- _GOAL OF THE EXERCISE_: All of the records below should be retyped exactly, with no pictures included.

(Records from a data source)
=== Begin Enclosure ===

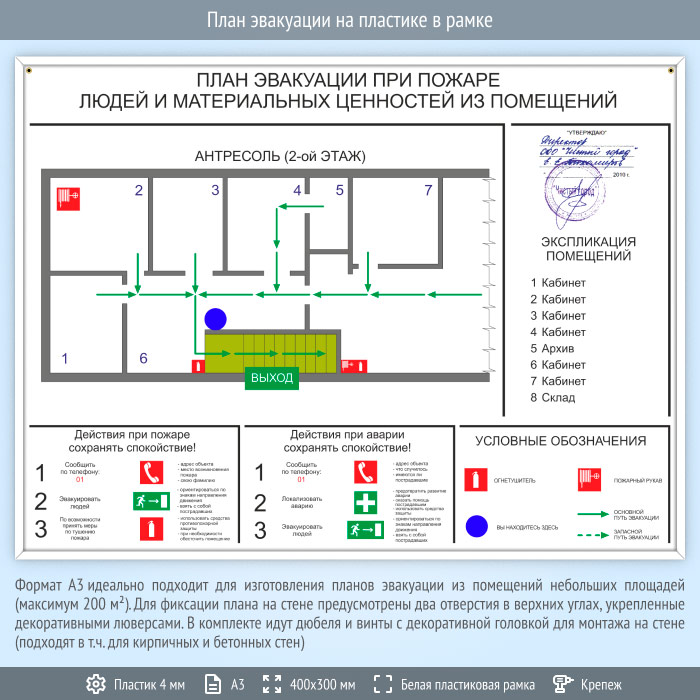 План эвакуации на пластике в рамке (А3 формат) в Москве купить
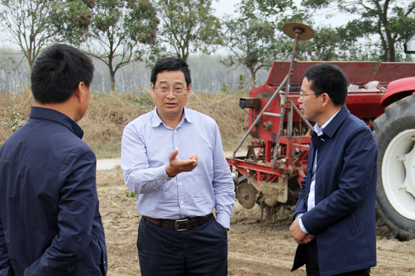 蘇墾農發總裁王立新指導秋播生產  連日來,?港分公司圍繞三秋總體部署,堅持“高效
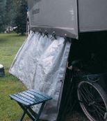 We devised a storage area for our bikes, camping chairs, tables, etc., outside the motorhome by attaching a tarp to the underside of the bedroom slideout using large clamps, and anchoring the bottom with tent stakes and bungee cords. This provides shelter from the elements, and it’s very easy to assemble/disassemble and store.
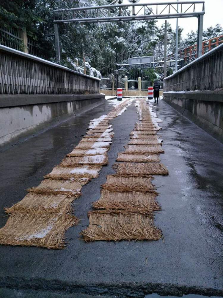 早上7点40分左右,周到君在莘庄地铁站南广场看到,积雪都已经被堆到了路边,人流较大的路段也都铺上了草垫。市民的出行基本没有受到影响。
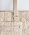 ・高見えする合皮のキルティングを使用した、大容量サイズのキャリーオントート。
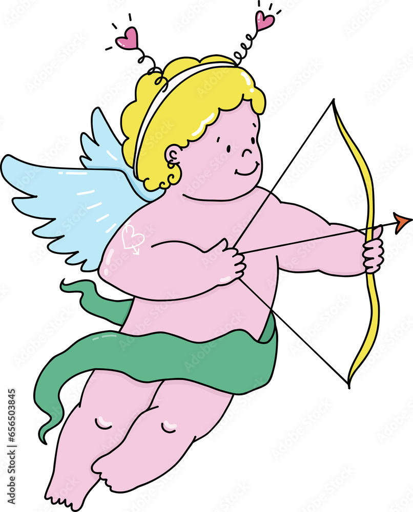 Obraz na plátně Beautiful little putti angel with bow isolated png illustration on transparent background
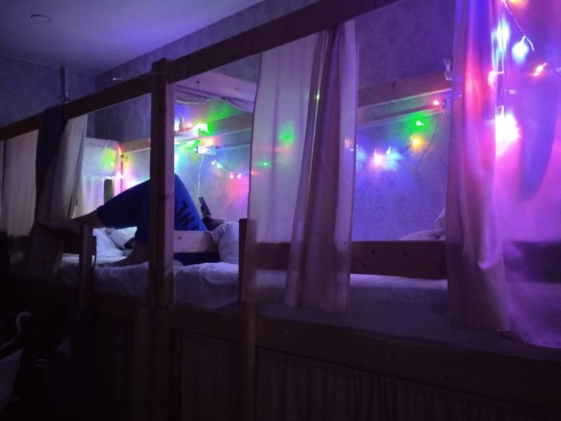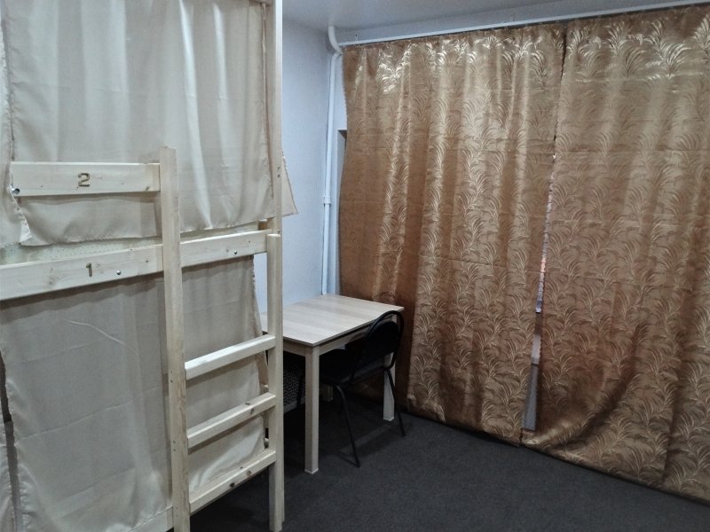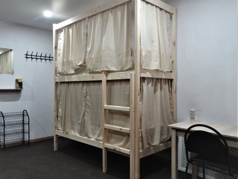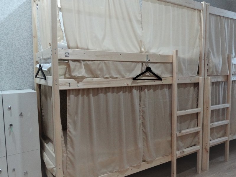 ...четыре двухярусные кровати.Индивидуальные шкафчики,стол,телевизор,зеркало,шторы на каждую кровать,индивидуальные розетки и освещение,плечики для одежды.В номере
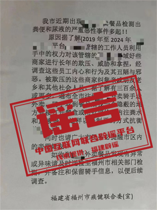 謠言:“福建省福州市疾健聯合委”發(fā)文稱“某外賣平臺餐品檢出糞便和尿液”?
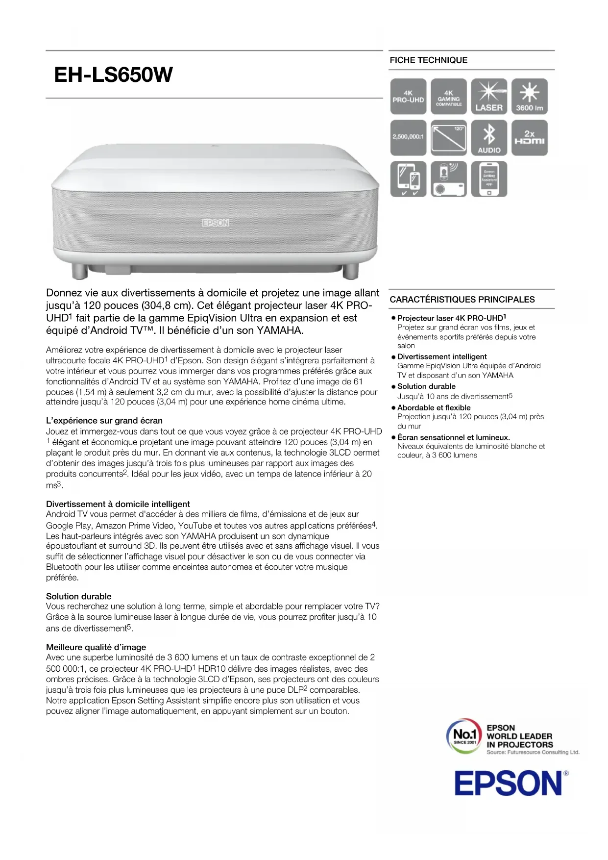EH-LS650W FICHE TECHNIQUE Donnez vie aux divertissements à domicile et projetez une image allant jusqu’à 120 pouces (304,8 cm). Cet élégant projecteur laser 4K PRO- UHD
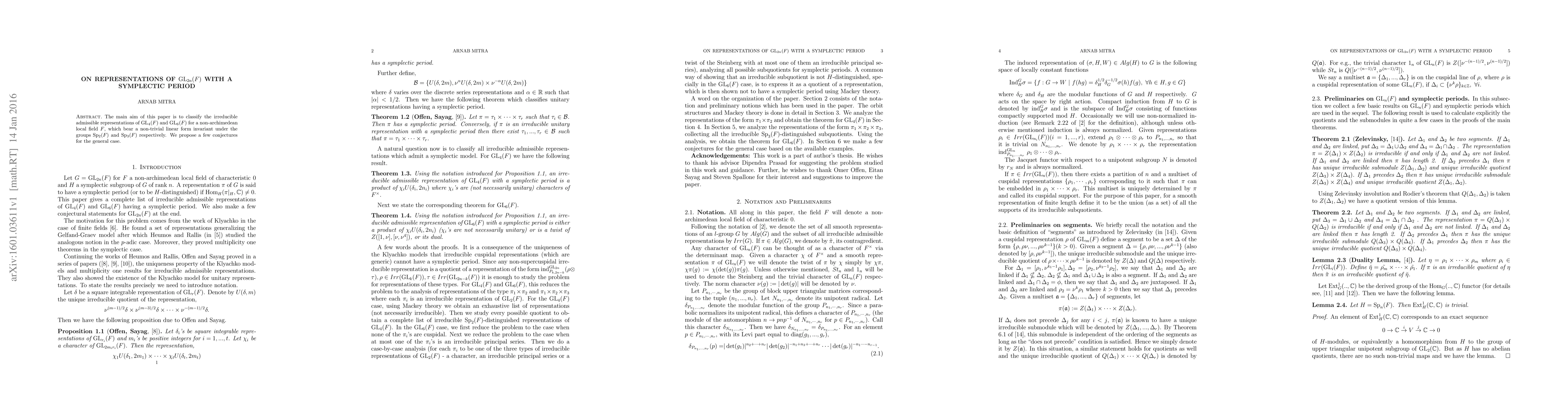 The main aim of this paper is to classify the irreducible admissible representations of ${\rm GL}_{4}(F)$ and ${\rm GL}_{6}(F)$ for a nonarchimedean local field $F$, which bear a nontrivial linear form invariant under the groups ${\rm Sp}_{4}(F)$ and ${\rm Sp}_{6}(F)$ respectively. We propose a few conjectures for the general case.
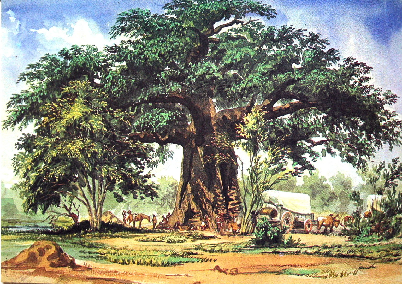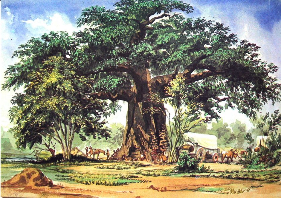 He painted this watercolour of a Baobab Tree, South Africa in 1861, before he left on his next expedition with James Chapman to Namibia in 1861-62. That is thought to have been the first expedition which made extensive use of both photography and painting. By the end of that, Baines was exhausted and his health was deteriorating, so he spent some time back in Cape Town preparing his paintings for exhibition, and writing an illustrated account of his travels with Chapman.
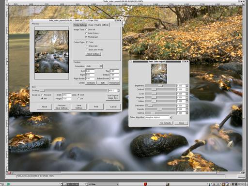 A new breed of inexpensive, photo-quality products are revolutionizing the photo industry, and Linux is there with the tools to put these products to use. In 1990, while editing my first digital image on a Mac SE, I had visions of one day having all the power of a high-end photo retouching workstation in my own digital studio. Several years later, I had the Mac studio I had dreamed of but still was dependent on an outside service bureau for scanning and printing. Around 1996, I saw an early version of The GIMP and was excited at the possibility of moving my digital studio to Linux. Fast-forward to the present: inexpensive photo scanners and printers are available that offer professional results at affordable prices, and the Linux drivers and tools are there to take advantage. A color management work flow is starting to take shape on Linux, and The GIMP is maturing at a steady pace.

=== End Enclosure ===

- _SOLUTION FOR THIS TASK_:
 План эвакуации на пластике в рамке (А3 формат) в Москве купить
 蘇墾農發總裁王立新指導秋播生產  連日來,?港分公司圍繞三秋總體部署,堅持“高效
 We devised a storage area for our bikes, camping chairs, tables, etc., outside the motorhome by attaching a tarp to the underside of the bedroom slideout using large clamps, and anchoring the bottom with tent stakes and bungee cords. This provides shelter from the elements, and it’s very easy to assemble/disassemble and store.
 早上7点40分左右,周到君在莘庄地铁站南广场看到,积雪都已经被堆到了路边,人流较大的路段也都铺上了草垫。市民的出行基本没有受到影响。
 ・高見えする合皮のキルティングを使用した、大容量サイズのキャリーオントート。
 Obraz na plátně Beautiful little putti angel with bow isolated png illustration on transparent background
 ...четыре двухярусные кровати.Индивидуальные шкафчики,стол,телевизор,зеркало,шторы на каждую кровать,индивидуальные розетки и освещение,плечики для одежды.В номере
 謠言:“福建省福州市疾健聯合委”發(fā)文稱“某外賣平臺餐品檢出糞便和尿液”?
EH-LS650W FICHE TECHNIQUE Donnez vie aux divertissements à domicile et projetez une image allant jusqu’à 120 pouces (304,8 cm). Cet élégant projecteur laser 4K PRO- UHD
 The main aim of this paper is to classify the irreducible admissible representations of ${\rm GL}_{4}(F)$ and ${\rm GL}_{6}(F)$ for a nonarchimedean local field $F$, which bear a nontrivial linear form invariant under the groups ${\rm Sp}_{4}(F)$ and ${\rm Sp}_{6}(F)$ respectively. We propose a few conjectures for the general case.
 He painted this watercolour of a Baobab Tree, South Africa in 1861, before he left on his next expedition with James Chapman to Namibia in 1861-62. That is thought to have been the first expedition which made extensive use of both photography and painting. By the end of that, Baines was exhausted and his health was deteriorating, so he spent some time back in Cape Town preparing his paintings for exhibition, and writing an illustrated account of his travels with Chapman.
 A new breed of inexpensive, photo-quality products are revolutionizing the photo industry, and Linux is there with the tools to put these products to use. In 1990, while editing my first digital image on a Mac SE, I had visions of one day having all the power of a high-end photo retouching workstation in my own digital studio. Several years later, I had the Mac studio I had dreamed of but still was dependent on an outside service bureau for scanning and printing. Around 1996, I saw an early version of The GIMP and was excited at the possibility of moving my digital studio to Linux. Fast-forward to the present: inexpensive photo scanners and printers are available that offer professional results at affordable prices, and the Linux drivers and tools are there to take advantage. A color management work flow is starting to take shape on Linux, and The GIMP is maturing at a steady pace.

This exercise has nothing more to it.